The decade of the 1960s was arguably the most desolate in recent South African history. The totalitarian state ruled supreme, unchallenged in any major way: it is a period about which we still know surprisingly little. The response to Verwoerd’s death in the English-language press was formal, somewhat detached but also noticeably deferential. In Pietermaritzburg any activity that could possibly be regarded as inessential was abruptly cancelled and the local Greek community ducked for cover. The Natal Witness described Verwoerd as a colossus and he was lauded elsewhere as a cedar of Lebanon, while the murder was compared closely with that of Julius Caesar. Coincidentally, there was a non-fatal knife attack on an employee at the South African Embassy in London six days later.

Verwoerd is known only too well, but who was Tsafendas? Virtually every statement about him leads to further questions whose answers now seem irretrievable. But in a sense the tapeworm remains the central figure. Were it not for the assassination Tsafendas would have disappeared into historical insignificance; although hardly without trace because a life of little apparent consequence was remarkably well documented in official records in several countries. The Dutch/South African writer Henk van Woerden interviewed him in the mid-1990s and wrote a sympathetic portrait, finding him remarkably alert in view of his experiences, a man obsessed and with a poor grasp of chronology. Van Woerden summed him up as a ‘survivor of the detritus of South African history’. This seems as close an understanding as will ever be possible of a man who was a victim of confused identity and a general rootlessness.

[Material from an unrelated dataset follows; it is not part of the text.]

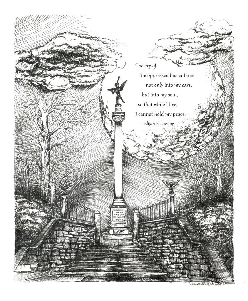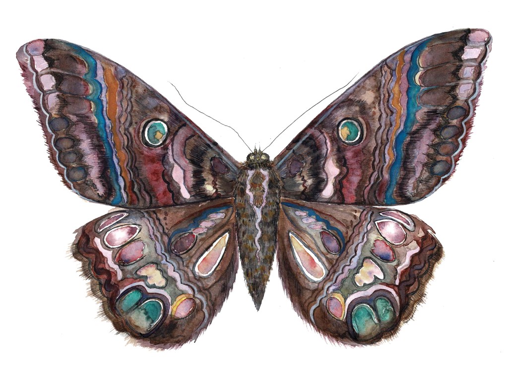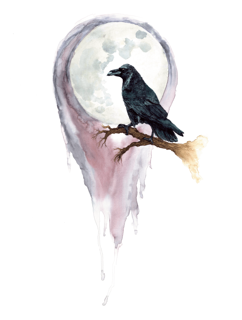 The Lovejoy Monument 2024 Ink on bristolPiasa Bird 2023 Watercolor and ink on watercolor paperCrow & Moon2023 18 x 24 Ink and Watercolor on 140# watercolor paperLuna Moth 2023 Ink & Marker on bristolSamhain Blessings 2020 Ink & Marker on bristol

Both Tsafendas and Verwoerd were troubled fantasists. Tsafendas, deemed out of touch with reality, was punished by a life of rejection, confinement and the ultimate obscurity of a largely unremarked burial. Verwoerd was elected Prime Minister and handed the power to damage the lives of millions of South Africans from far beyond his grave. His grand plans, endorsed for decades by most of the white population of South Africa, to force fellow citizens on the basis of perceived race into labour reserves, make-believe states of no possible viability, constituted one of the twentieth century’s greatest examples of mass human rights abuse. Apartheid was declared religious heresy.

Who was truly mad? There are no prizes for judging the greater danger to humankind; but the one remains the misfit, the other the statesman.

Further reading: Gavin Cooper, Under Devil’s Peak: The Life and Times of Wilfrid Cooper, an Advocate in the Age of Apartheid (Cape Town: Mercury, 2016); Peter Lambley, The Psychology of Apartheid (London: Gollancz, 1980); and Henk van Woerden, A Mouthful of Glass; translated by Dan Jacobson (Johannesburg: Ball, 2000).